The circRNAs were first discovered in a plant virus7. However, due to the limitation of detection technology at the time, circRNAs were primarily regarded as a by-product of conventional linear splicing, leaving their potential unexplored. Thanks to sequencing technology, their potential has been uncovered. The circRNAs are widespread in eukaryotic cells and have a closed loop structure without 5′ and 3′ ends, which confers the resistance toward RNA enzymes and stability compared with linear RNAs8. The circRNAs are produced by back-splicing precursor mRNAs and consist of exons, introns, or both9, 10. There are several forms of circRNAs exon-circRNAs (ecRNAs), intron-circRNAs (ciRNAs), and exon–intron circRNAs (eiciRNAs). CiRNAs and eiciRNAs mainly regulate the transcription and splicing in the nucleus. Additionally, ecRNAs are transported out to perform specific biological functions, including acting as miRNA and protein sponges or translating nucleotide sequences into peptides and proteins11,12,13. The circRNAs have also been associated with various diseases, including cardiovascular diseases, immune system illnesses, and tumors14,15,16.

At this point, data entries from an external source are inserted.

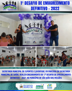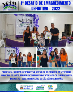 Para auxiliar na perda de peso e principalmente, na busca por uma vida mais saudável, a Secretaria Municipal de Esportes e Juventude, em parceria da Secretaria Municipal de Saúde, através do NASF – Núcleo de Apoio Familiar, lançou o “1⁰ Desafio de Emagrecimento Definitivo” do projeto Missões em Movimento para mulheres da cidade de S. J. das Missões e de comunidades missionenses. Cerca de 200 mulheres missionenses de todas faixas etárias participaram, durante 60 dias, do desafio que ofertou atividades físicas, alimentação balanceada sob orientação de nutricionista, apoio psicológico e palestras pelos profissionais do Esportes e da Saúde de São João das Missões.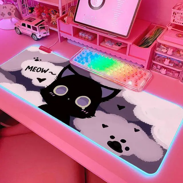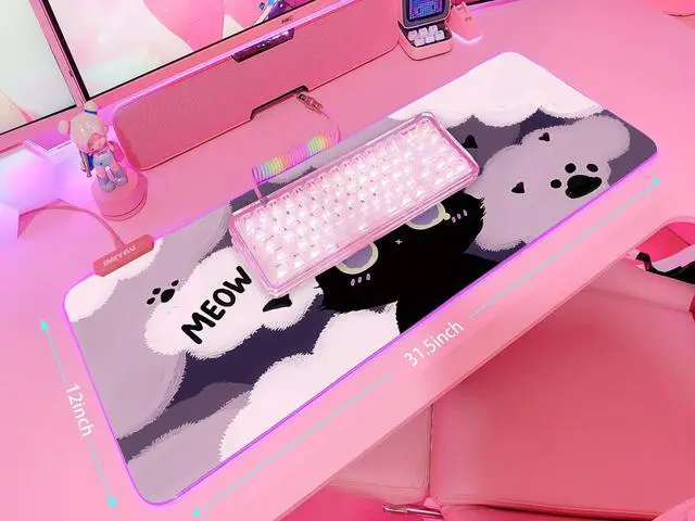 JMIYAV Pink RGB Gaming Mouse Pad 31.5x12 Inch PC XL Large Extended Glowing Led Light Up Desk Pad Non-Slip Rubber Base Computer Cute Mousepad Mat Desk Accessories Gaming Setup 242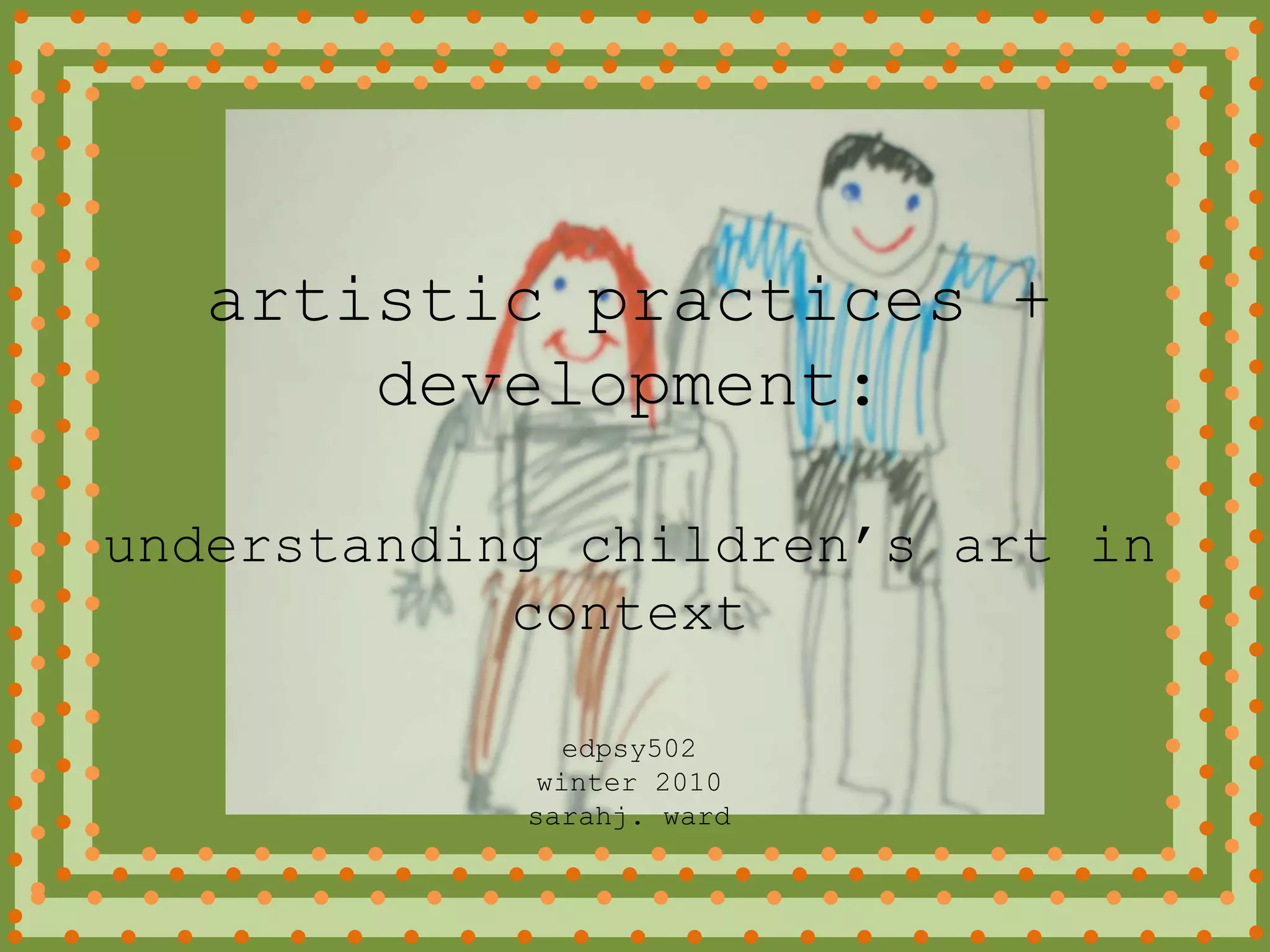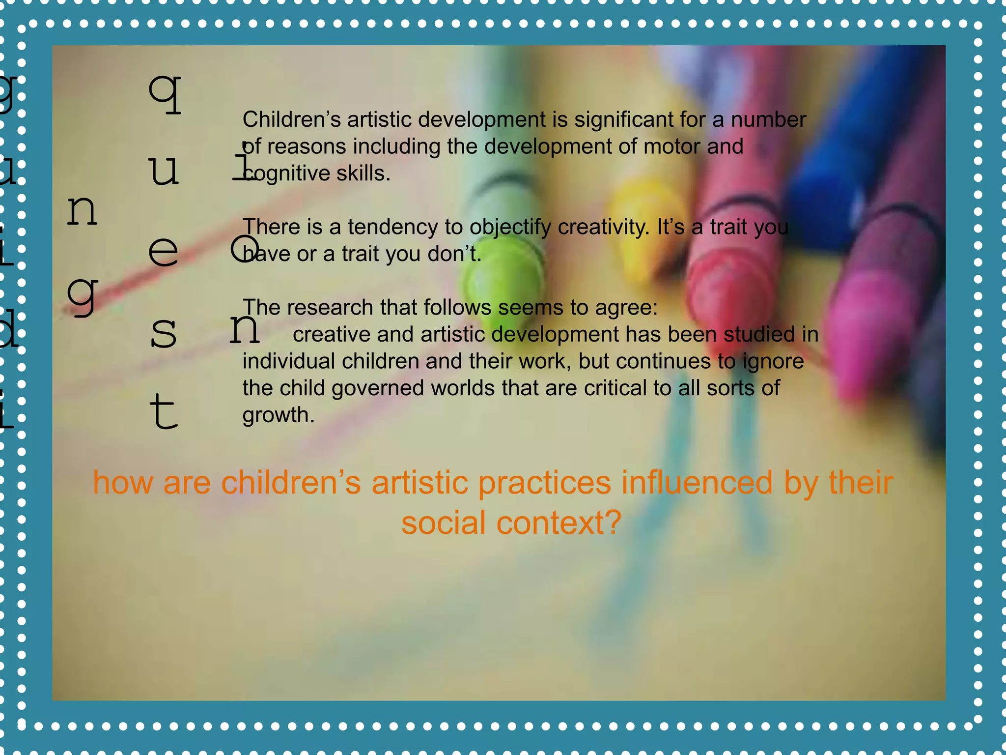 This document discusses children's artistic development in context. It notes that children's creativity is influenced by their social environments and interactions. The research aims to study children's art in the contexts in which it naturally occurs, among peers. Key aspects of artistic development discussed include fine motor skills, cognitive development, and the influence of social contexts on identity formation and the Zone of Proximal Development. The document advocates research methods that avoid adult biases and interpretations, instead allowing children's own ideas to be heard. It provides examples of children's artwork and discussions during a drawing activity to demonstrate social influences on their creative processes.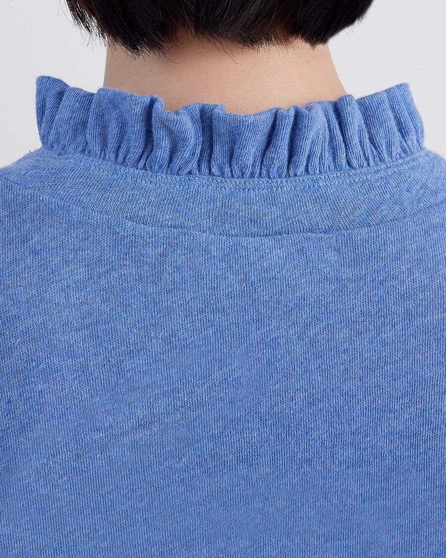 □ 前年人気だったガーゼのカットソーのリピート □ 柔らかいガーゼ天竺を使用 □ 伸縮性があり柔らかく身体のラインにフィット □ フリルの襟は重ね着の際もポイント □ 袖は長めのリブ仕様で折り返しての着用も可能 □ BLUE・OFFが新色で登場

Evidence has emerged showing the involvement of circRNAs and ceRNA mechanism in biological processes, including liver cancer initiation, stemness maintenance of the liver cancer stem cells, and liver cancer progression. And findings suggest using the circRNA–miRNA–mRNA regulatory network as biomarkers and therapeutic targets for treating hepatocellular carcinoma17, 18. In recent years, bioinformatics analysis has become more and more popular in the field of scientific research19. Therefore, the integrated bioinformatics analysis was used in this work. We constructed a ceRNA network by analyzing differentially expressed genes according to the ceRNA mechanism. We also built the survival network and analyzed the immune cell infiltration levels, immune checkpoints, and pathway activity of the upregulated mRNAs in the survival network. The findings from this study will provide a new perspective on the pathogenesis of HCC and improve its diagnosis and treatment. Figure 1 presents the flow chart of this research.

Figure 1
figure 1

Flowchart of this study.

Results

The downloaded data and differential gene expression analysis

We downloaded three microarray data from Gene Expression Omnibus (GEO) database (GSE155949, GSE108724, and GSE101728) and one RNA-seq data of HCC from The Cancer Genome Atlas Program (TCGA) database according to the established screening conditions. The details of the datasets are shown in Table 1. The differential gene expression analysis revealed the differential expression of 36 circRNAs (DEcircRNAs) (Fig. 2A), 26 miRNAs (DEmiRNAs) (Fig. 2B), and 2215 mRNAs (DEmRNAs) (Fig. 2C). The 36 circRNAs were used for constructing a ceRNA network.

Table 1 The information of the datasets in the GEO and TCGA databases.
Figure 2
figure 2

Identification of differentially expressed genes. (A) Heat map of the DEcircRNAs, (B) heat map of the DEmiRNAs, (C) heat map of the DEmRNAs.

The target prediction of circRNAs and miRNAs

The online databases predicted a total of 2495 target genes of circRNAs, and six candidate miRNAs (Fig. 3A) after the intersection with DEmiRNAs, namely hsa-miR-375, hsa-miR-3188, hsa-miR-4270, hsa-miR-221-3p, hsa-miR-532-3p, and hsa-miR-199a-5p. Additionally, the databases predicted 2470 target genes from the six candidate miRNAs, resulting in the identification of 262 candidate mRNAs after overlapping with DEmRNAs (Fig. 3B).

Figure 3
figure 3

The overlapped genes of miRNA (A) and mRNA (B).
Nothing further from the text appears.